Providing insight and analysis requires training. Just as an engineer or a medical doctor needs special tools and a particular theoretical understanding of physics, biology or chemistry, so too do journalists need to understand the function and theory of communication to effectively communicate the news. Journalism, and its sister profession of public relations, produce experts who know how to interpret news and get a story out. And they do so within organizations that have earned a reputation for trust and credibility through decades (or even centuries) of successful reportage and editorial.

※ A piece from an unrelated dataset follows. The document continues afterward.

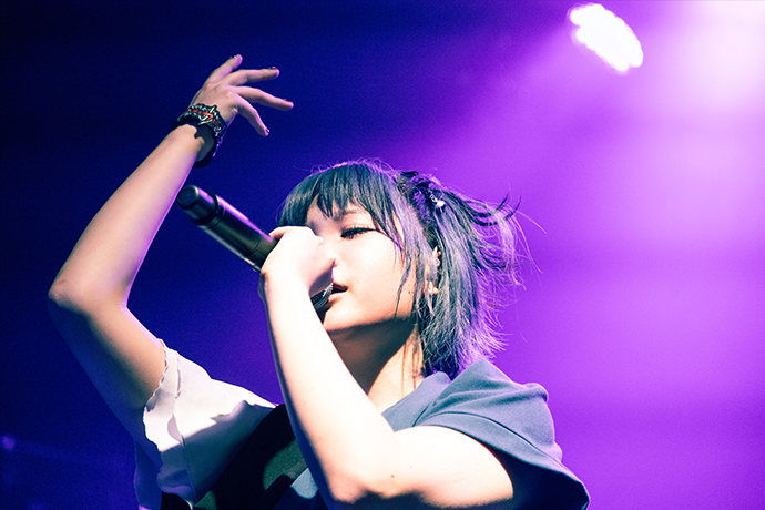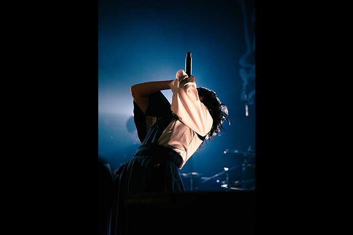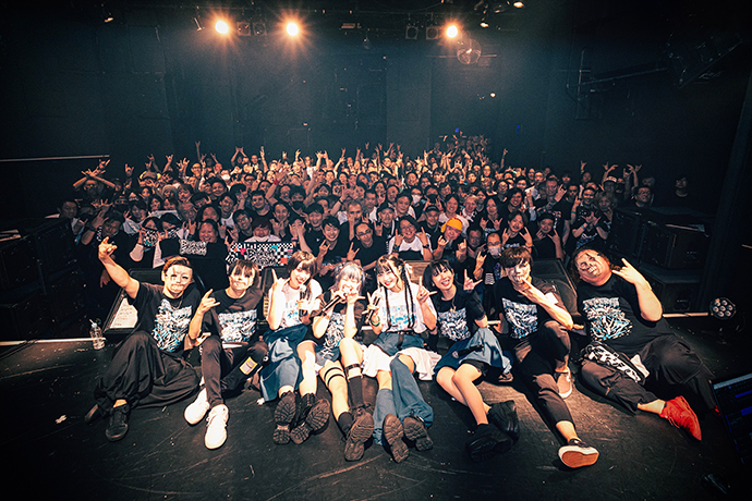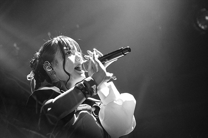 後半へと折り返してのMCでは、BBTSが好きで2023年末にグループに加入したシズクが、アルバムのリリースやこうしてライヴで温かく迎えられている喜びに言葉を詰まらせながら、"どんどんこの4人で大きくなって、皆さんに新しい景色を見せたい"と語った。その後半のハイライトはなんといっても、14分超の大作「追憶のナスカ」の初披露だ。アルバムやミュージック・ビデオでもダイナミックに多ジャンルが展開していく曲の面白さや4人の表現力を味わえるが、ライヴではさらにドラマ性が増す。ダンス等の動きもシアトリカルで、"ゾンビバンド"のテクニカルな演奏と相まって、観客は遊園地のアトラクションでスピード感や変わる景色を体験するような感覚になり、時間があっという間に過ぎていく。この曲がライヴでどう表現されるのか期待が高かったのだろう。フロアの歓声は一際大きい。"「追憶のナスカ」、本邦初公開どうでしたか"とMCをしたのは昨年春に加入したヤヨイ。会場の熱気を浴びながら"この景色を見て、改めてすごいところに立っているんだなと思った"と語る。さらに終盤は、「Do・Do・N・Pa!!」や、最新作からの「トラブルメーカー」等アグレッシヴなメタルコアでフロアをかき回し、ラストに投下した「KI・RA・I !!」ではフロアにサークルを生む盛り上がりで駆け抜けていった。

In a rapidly evolving world of instant communication and the deluge of user-generated content over the Internet, there appears to remain one constant: trust. This is where the mainstream media and classically trained journalists have an advantage: People trust reputable newspapers, reporters and columnists. That trust is based on both an emotional connection and an evidentiary one – it’s not so easily replaced by machine-edited services such as Google News.

In the end, the mainstream media face not extinction but transformation. What news aggregators like The Huffington Post or Drudge Report provide is a model for this potential transformation. They blend instant access to a wide variety of sources of information with a particular editorial perspective. The mainstream press will have to pursue this direction as well to survive. Reporters and publishers shouldn’t see this as a daunting prospect, but as one of the most exciting new possibilities for innovation and engagement offered to them in the history of the fourth estate.

WikiLeaks has served as one of the most public demonstrations of the validity of the mainstream media, ever. Now it is up to the most innovative publishers, editors and reporters to capitalize on the opportunity to renew their organizations and pull the news industry into the 21st century.

Alex Sévigny is an associate professor in the department of communication studies and multimedia at McMaster University.